Gender merupakan salah satu isu penting dalam era globalisasi dan modernisasi saat
ini. Perempuan lebih dituntut pada posisi yang tidak harus dibawah atau dibalik bayang-
bayang laki- laki. Namun, transformasi serta perubahan konsepsi gender yang mempengaruhi
pada peran dan tanggung jawab perempuan nampaknya belum mampu dikatakan merubah
mindset serta perilaku perempuan secara keseluruhan. Terbatasnya arus informasi, terikatnya
nilai- nilai lama/ budaya leluhur serta tingkat pendidikan dan ekonomi yang minim menjadi
bagian yang tidak terpisahkan dari proses lambannya transformasi konsepsi gender terhadap
perempuan. Dalam penelitian ini, hal tersebut dilihat secara jelas di objek penelitian pertama
yakni di kelurahan Buring, Kota Malang. Di kelurahan Buring, masih banyak perempuan

11
yang bergelut pada peran lamanya seperti perempuan sebatas merawat anak, mengurus rumah
tangga dan menjadi posisi kedua dalam keluarga, meskipun ada beberapa perempuan yang
menjadi buruh pabrik atau sebagainya. Perubahan konsepsi gender yang lamban khususnya di
kelurahan Buring pun secara tidak langsung berimplikasi pada rendahnya pengetahuan
perempuan terhadap politik. Perempuan cenderung tidak memperdulikan apa itu politik dan
bagaimana proses- proses politik tersebut. Lebih lagi pada sebuah mekanisme demokrasi,
yakni pemilihan umum. Mereka tidak memiliki preferensi pilihan yang jelas atau dalam artian
pilihan didasarkan pada trend ikut- ikutan, money politik atau sekedar saja.

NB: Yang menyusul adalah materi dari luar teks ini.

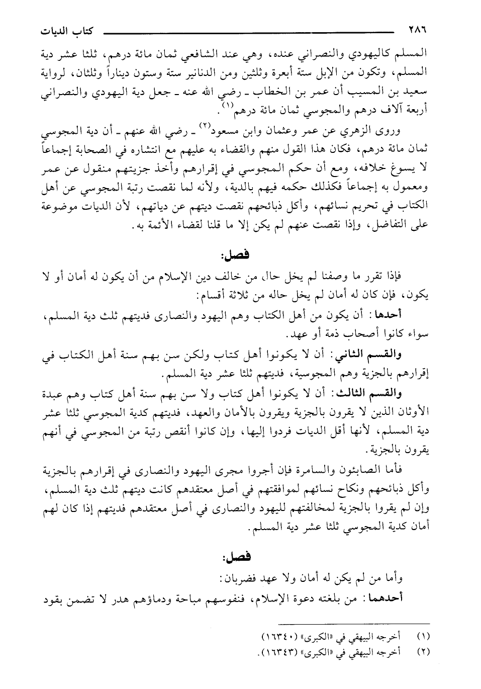 والقسم الثاني: أن لا يكونوا أهل كتاب ولكن سن بهم سنة أهل الكتاب في إقرارهم بالجزية وهم المجوسية, فديتهم ثلثا عشر دية المسلم.

Kemudian, berbeda halnya dengan objek penelitian kedua yakni di daerah urban
tepatnya di perumahan Araya, Sigura Hill dan Cakalang Indah. Beberapa responden, lebih
sadar dan melek akan gender. Perempuan- perempuan lebih aktif seperti perempuan berani
bekerja dan berkarya di luar rumah atau dalam kata lain sebagai wanita karier serta mampu
menjadi pemimpin- pemimpin organisasi. Hal ini nampaknya lebih disebabkan oleh tingkat
pendidikan mereka yang cukup tinggi, tingkat perekonomian pada kelas menengah ke atas
serta hidup pada kondisi struktur dan konstruksi sosial yang cukup modern. Sehingga secara
tidak langsung akan berimplikasi pada pengetahuan politik mereka serta idealisme dan
realistisme mereka dalam mengikuti proses- proses politik terutama dalam mekanisme
demokrasi yakni pemilihan umum.
Namun, jika berbicara keterwakilan politik perempuan di Kota Malang khususnya di
tataran legislatif nampaknya belum bisa dikatakan secara maksimal. Hal tersebut diketahui
ketika partai- partai yang memiliki kursi di DPRD tidak semuanya memiliki kader perempuan
meskipun secara keseluruhan telah sesuai dengan amanah undang- undang yakni keterwakilan
perempuan sebesar 30%. Ini yang kemudian menjadi ironi tersendiri dalam perubahan
konsepsi gender serta amanah keterwakilan perempuan dalam politik. Kondisi masih
eksistnya ideologi patriarchy yang memandang bahwa laki- laki lebih superior dan
mengendalikan kaum perempuan pun menjadi salah satu ekses dari rendahnya keterwakilan
perempuan sebagai ujung dari anggapan yang masih berkembang di tengah masyarakat.